____ The input
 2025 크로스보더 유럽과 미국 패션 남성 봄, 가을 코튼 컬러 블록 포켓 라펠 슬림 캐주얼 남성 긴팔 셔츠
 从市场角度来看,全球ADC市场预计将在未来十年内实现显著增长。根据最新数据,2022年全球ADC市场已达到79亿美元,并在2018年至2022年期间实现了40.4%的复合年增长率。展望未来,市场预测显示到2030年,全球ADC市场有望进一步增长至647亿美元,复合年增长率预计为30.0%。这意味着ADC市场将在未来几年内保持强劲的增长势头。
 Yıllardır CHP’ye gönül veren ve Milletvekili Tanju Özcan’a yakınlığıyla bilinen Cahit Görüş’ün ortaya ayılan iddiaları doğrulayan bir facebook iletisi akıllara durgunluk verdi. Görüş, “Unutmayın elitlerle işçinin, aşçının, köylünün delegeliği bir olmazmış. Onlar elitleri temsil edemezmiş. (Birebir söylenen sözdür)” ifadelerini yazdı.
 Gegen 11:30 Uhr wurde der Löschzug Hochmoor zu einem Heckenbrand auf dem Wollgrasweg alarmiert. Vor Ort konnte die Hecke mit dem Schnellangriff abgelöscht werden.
________
____ The input
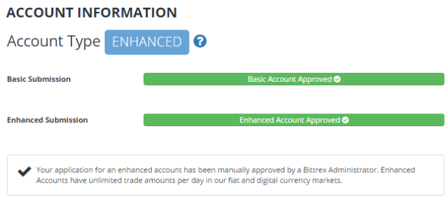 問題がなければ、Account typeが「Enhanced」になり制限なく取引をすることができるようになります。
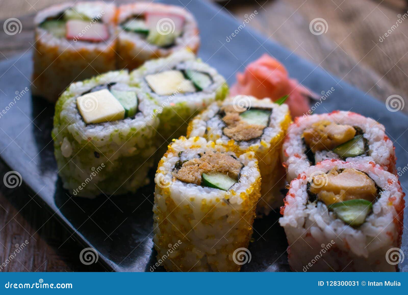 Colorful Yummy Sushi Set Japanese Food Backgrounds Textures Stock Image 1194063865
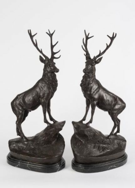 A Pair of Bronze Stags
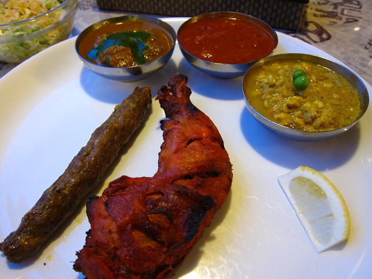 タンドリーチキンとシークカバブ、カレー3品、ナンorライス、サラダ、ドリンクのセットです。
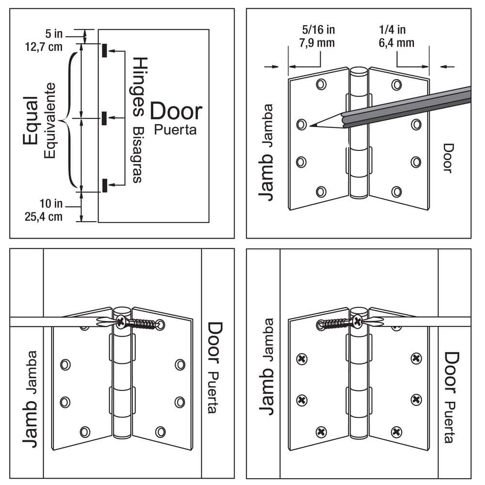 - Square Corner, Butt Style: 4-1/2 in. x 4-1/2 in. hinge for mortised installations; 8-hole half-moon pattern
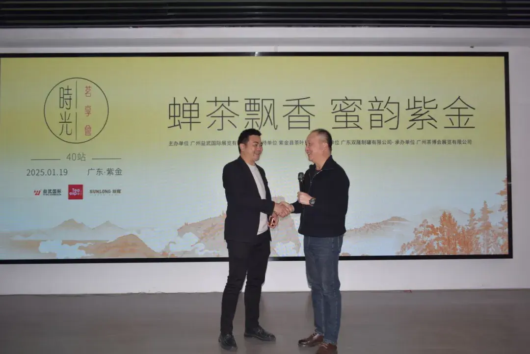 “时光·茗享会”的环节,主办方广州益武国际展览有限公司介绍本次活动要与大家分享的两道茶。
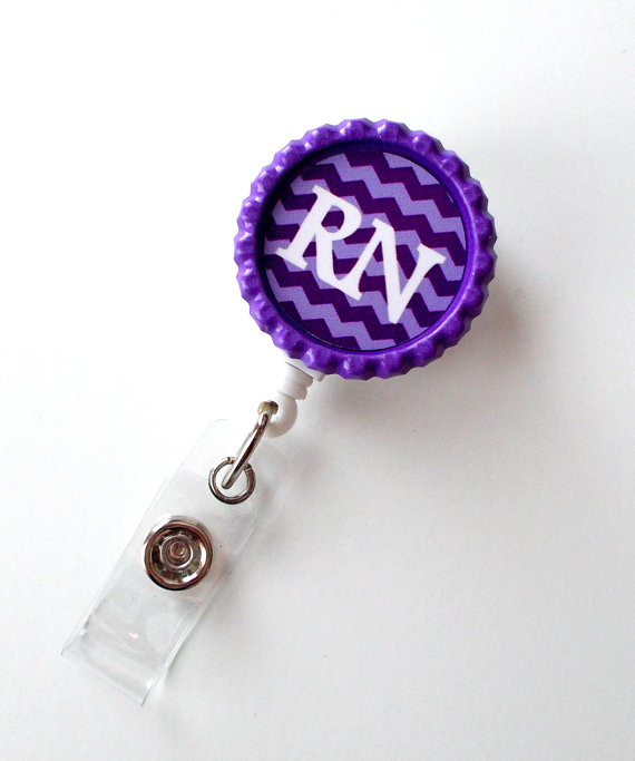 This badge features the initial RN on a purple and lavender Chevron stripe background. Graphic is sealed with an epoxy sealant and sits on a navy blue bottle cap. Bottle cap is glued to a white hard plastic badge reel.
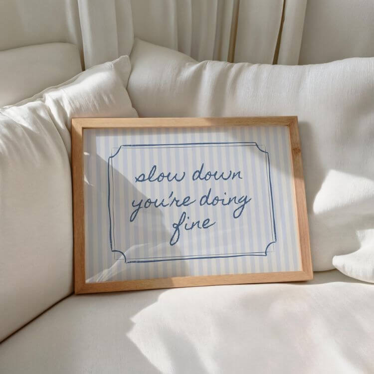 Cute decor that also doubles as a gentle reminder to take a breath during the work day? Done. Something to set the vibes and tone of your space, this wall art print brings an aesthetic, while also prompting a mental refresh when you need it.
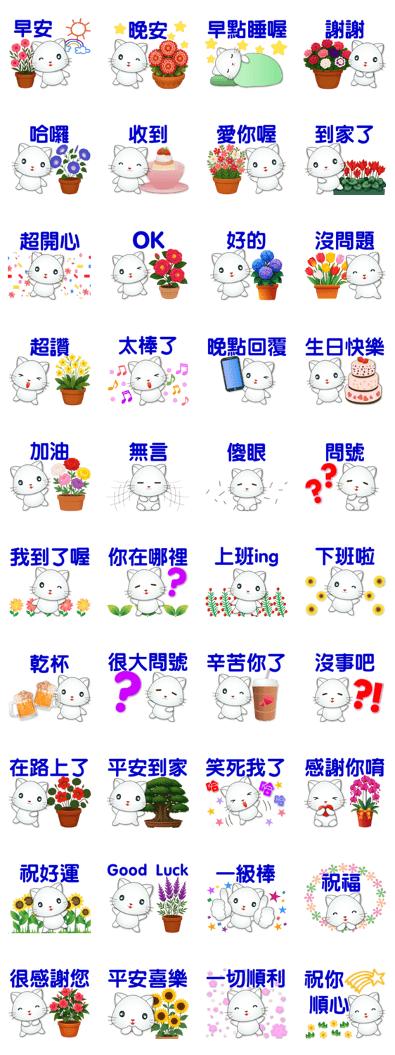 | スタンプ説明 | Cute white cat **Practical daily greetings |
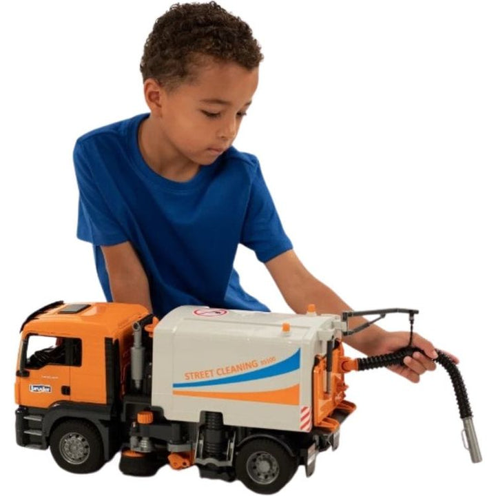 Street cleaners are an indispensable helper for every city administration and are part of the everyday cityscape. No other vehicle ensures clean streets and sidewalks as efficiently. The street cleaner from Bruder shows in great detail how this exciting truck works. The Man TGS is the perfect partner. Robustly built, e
________
____ The input
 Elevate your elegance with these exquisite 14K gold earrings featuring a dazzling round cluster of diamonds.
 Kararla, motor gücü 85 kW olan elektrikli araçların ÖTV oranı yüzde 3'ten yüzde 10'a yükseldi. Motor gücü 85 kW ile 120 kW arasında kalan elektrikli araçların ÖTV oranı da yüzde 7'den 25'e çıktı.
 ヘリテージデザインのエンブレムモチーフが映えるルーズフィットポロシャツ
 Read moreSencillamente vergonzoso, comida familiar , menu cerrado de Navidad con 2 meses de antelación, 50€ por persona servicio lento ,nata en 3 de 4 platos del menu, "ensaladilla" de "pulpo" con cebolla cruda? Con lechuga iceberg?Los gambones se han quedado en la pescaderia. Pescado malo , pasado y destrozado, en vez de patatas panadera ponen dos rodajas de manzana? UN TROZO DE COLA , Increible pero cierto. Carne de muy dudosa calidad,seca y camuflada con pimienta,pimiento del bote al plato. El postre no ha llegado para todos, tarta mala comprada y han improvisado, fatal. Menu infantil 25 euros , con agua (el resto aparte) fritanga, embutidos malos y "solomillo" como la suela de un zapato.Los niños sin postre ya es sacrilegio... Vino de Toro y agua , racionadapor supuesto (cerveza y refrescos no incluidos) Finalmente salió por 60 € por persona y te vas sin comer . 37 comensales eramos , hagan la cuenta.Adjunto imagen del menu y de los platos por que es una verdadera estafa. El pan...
________
• _Task directions_: Beginning at the line above that contains "A Pair of Bronze Stags" and going on through the line that contains "Street cleaners are", please copy every line exactly, leaving the pictures out and adding nothing.

• _Response_:
 A Pair of Bronze Stags
 タンドリーチキンとシークカバブ、カレー3品、ナンorライス、サラダ、ドリンクのセットです。
 - Square Corner, Butt Style: 4-1/2 in. x 4-1/2 in. hinge for mortised installations; 8-hole half-moon pattern
 “时光·茗享会”的环节,主办方广州益武国际展览有限公司介绍本次活动要与大家分享的两道茶。
 This badge features the initial RN on a purple and lavender Chevron stripe background. Graphic is sealed with an epoxy sealant and sits on a navy blue bottle cap. Bottle cap is glued to a white hard plastic badge reel.
 Cute decor that also doubles as a gentle reminder to take a breath during the work day? Done. Something to set the vibes and tone of your space, this wall art print brings an aesthetic, while also prompting a mental refresh when you need it.
 | スタンプ説明 | Cute white cat **Practical daily greetings |
 Street cleaners are an indispensable helper for every city administration and are part of the everyday cityscape. No other vehicle ensures clean streets and sidewalks as efficiently. The street cleaner from Bruder shows in great detail how this exciting truck works. The Man TGS is the perfect partner. Robustly built, e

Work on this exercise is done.